11 октября, на следующий же день после приезда невесты наследника, графу стало известно, что протопресвитер Иоанн Янышев «находит возможным» не торопиться с миропомазанием Алисы и отложить его до весны, несмотря на то, что государь прямо высказал ему свое желание, наоборот, «ускорить» совершение этого таинства. Днем позже о. Иоанн уже лично пытался успокоить Шереметева по поводу вопроса с миропомазанием невесты наследника. Царский духовник «возбужденно» проговорил графу, взяв его за руки: «Будьте уверены, государь ясно и вполне сознает положение. Он обо всем подумал, будьте уверены». Еще через день, 13 октября, сам Воронцов-Дашков выразил сочувствие идее графа о необходимости скорейшего миропомазания Алисы и издания по этому поводу соответствующего манифеста, но сделал это «вяло». Среди приближенных возникло даже намерение «уговорить» наследника «ускорить дело». Однако Шереметев выразил сомнение в успехе этого предприятия. По его словам, цесаревич «держит себя прекрасно», но вместе с тем «совершенно стушевывается». Вел. кн. Сергей Александрович также не хотел говорить со своим державным братом о миропомазании Алисы, чтобы лишний раз его не беспокоить[151]

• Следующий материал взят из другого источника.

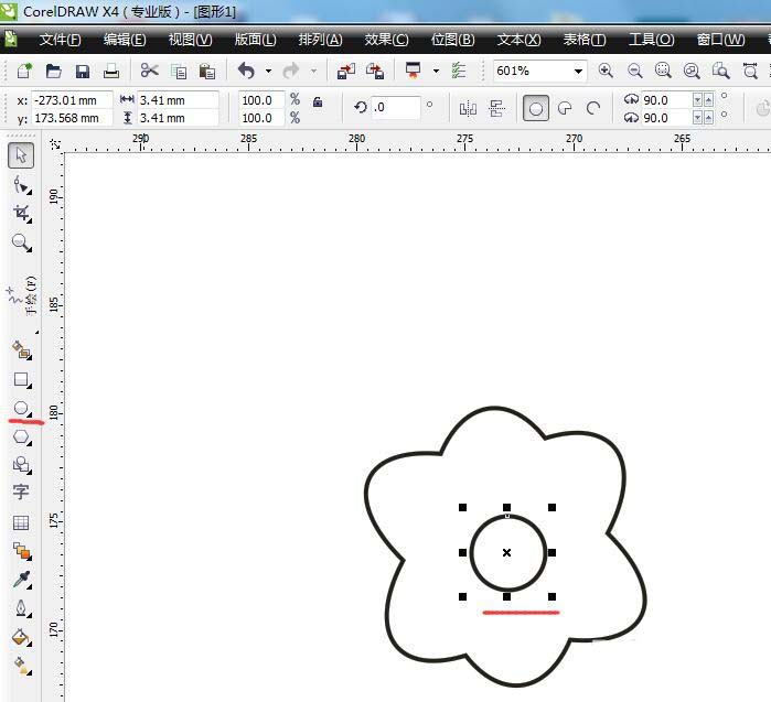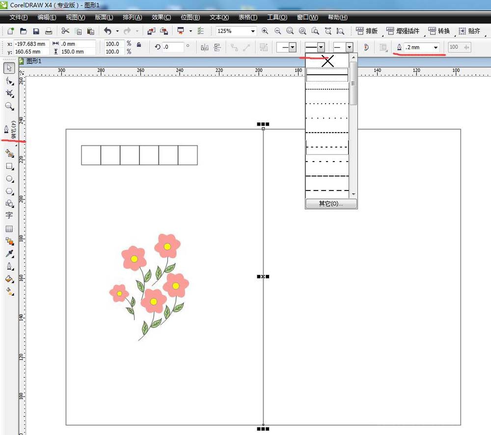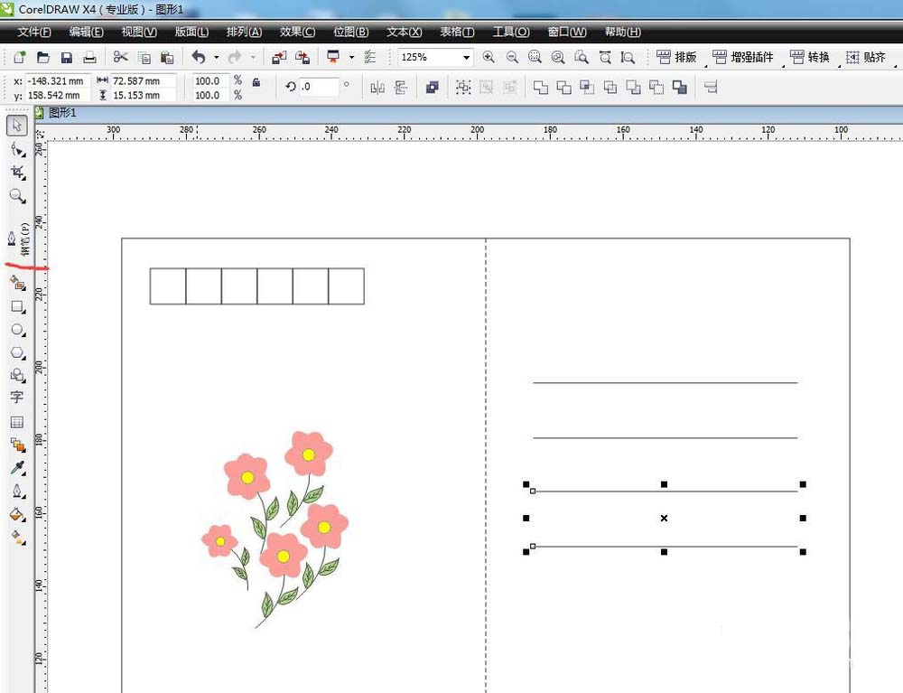 3、選擇要填色的部分,左鍵填充顏色,右鍵點擊空白方塊取消輪廓。選中根莖右鍵顏色,填充顏色。依次填充好所有的色塊完成一朵。復制幾朵擺好位置。用鋼筆工具畫直線,兩點連接得到直線,調整直線為虛線,調整線條粗細。同樣方法畫出信箋位置。
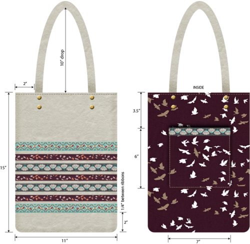 TWO 2½” x 25″ strips for the handles - From the lining fabric (Wings Ave Chatter in our sample), cut the following:
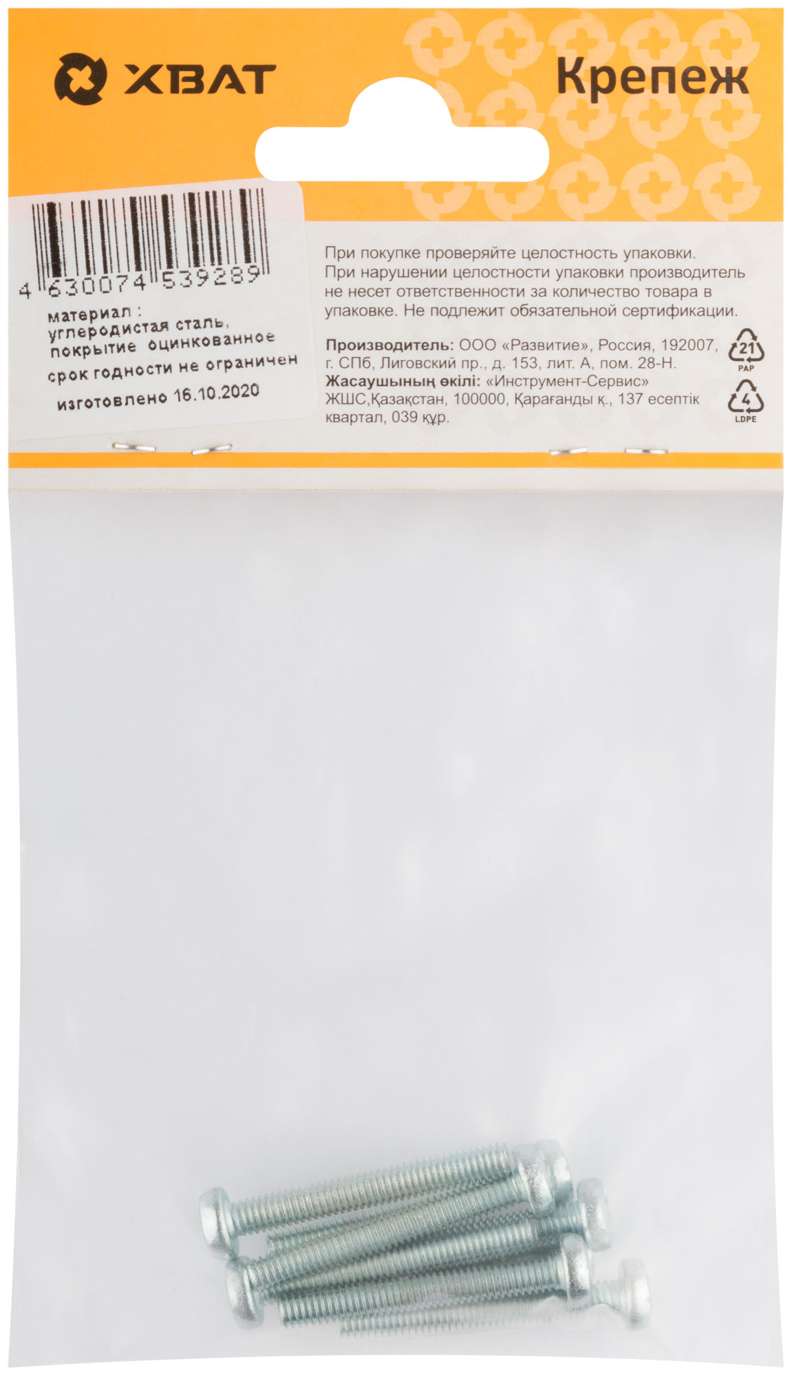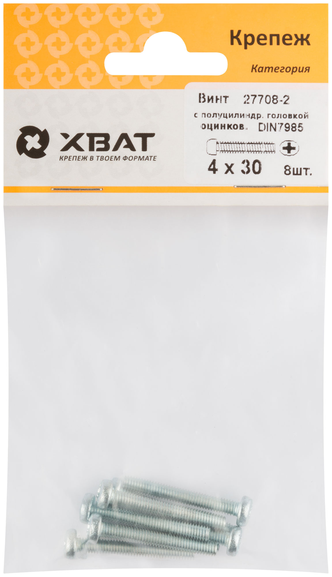 Купить Винт с полуцилиндрич. головкой с полной резьбой оцинков. DIN 7985 4х30 8 10.(фасовка) по доступной цене в Москве
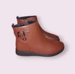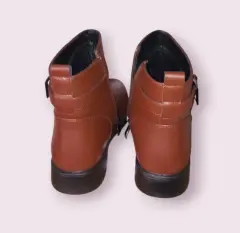 Botines casuales de Cuero Weekend, talla 4, color cafe camello, plantilla suave acolchada, cierre al lado, suela sintetico corrida antideslisante, forradas por dentro, hechas de material sintetico nuevas a estrenar sin etiqueta en buen estado.
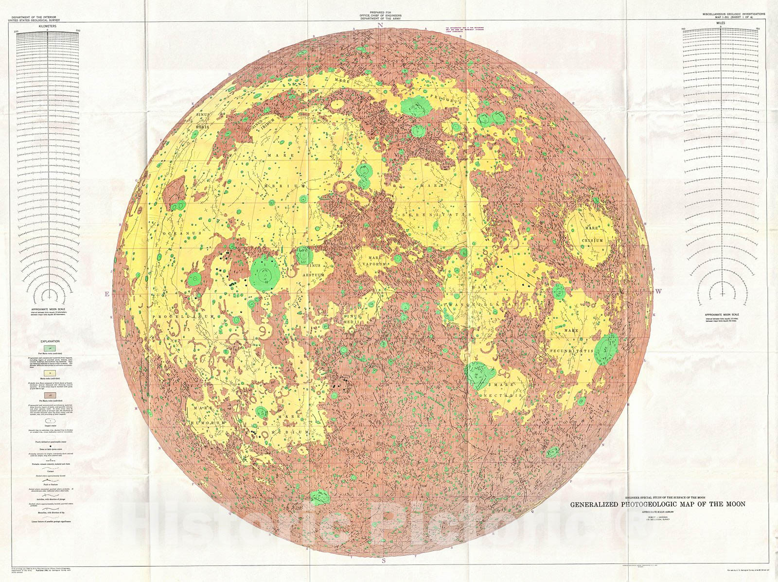 Historic Map : U.S.G.S. Photogeologic Map of The Moon (Wall map), Landmark Lunar map &, 1961, Vintage Wall Art
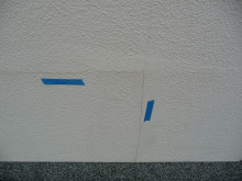 ↓塀の浮箇所にテープを貼り職方に指示しました。
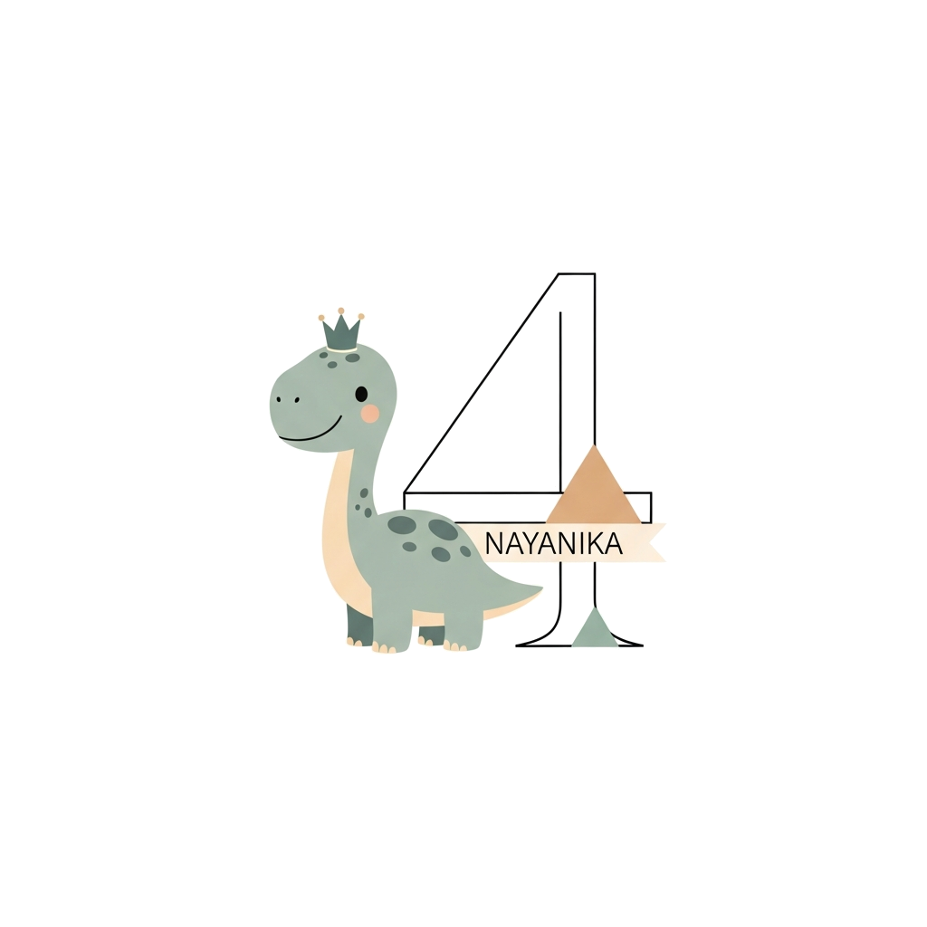 "A minimalist illustration of a friendly, stylized baby Brontosaurus wearing a tiny birthday crown, standing next to a clean, modern number '4'. The name 'Nayanika' is subtly integrated into the design. Soft, muted pastel colors, geometric shapes, vector art style."
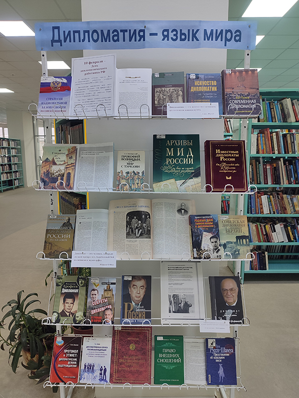 К этой знаменательной дате в универсальном читальном зале оформлена книжная выставка, на которой представлена литература об истории дипломатии, мемуары видных представителей дипломатического корпуса России и новых тенденциях развития современной дипломатии.

.Между тем регулярный выпуск и обнародование бюллетеней уже можно было бы считать большим достижением. Однако бюллетени подчас не только не удовлетворяли запросы общества, но и усугубляли и без того панические настроения. Характерным примером восприятия и интерпретации бюллетеней явился опыт их прочтения Султановым, который фиксировал в дневнике свои эмоции, возникавшие в связи с поступавшими из Ливадии сообщениями.
5 октября он выехал в поезде из Петербурга в Москву вместе с великими князьями (Константином Константиновичем, Сергеем Александровичем и Павлом Александровичем), а также вел. кн. Елизаветой Федоровной и узнал от их свиты, что «вести плохие». А на следующий день о том, что «вести отчаянные», по телефону сообщил Султанову Жуковский. По дневнику невозможно понять, откуда у художника была такая информация [152]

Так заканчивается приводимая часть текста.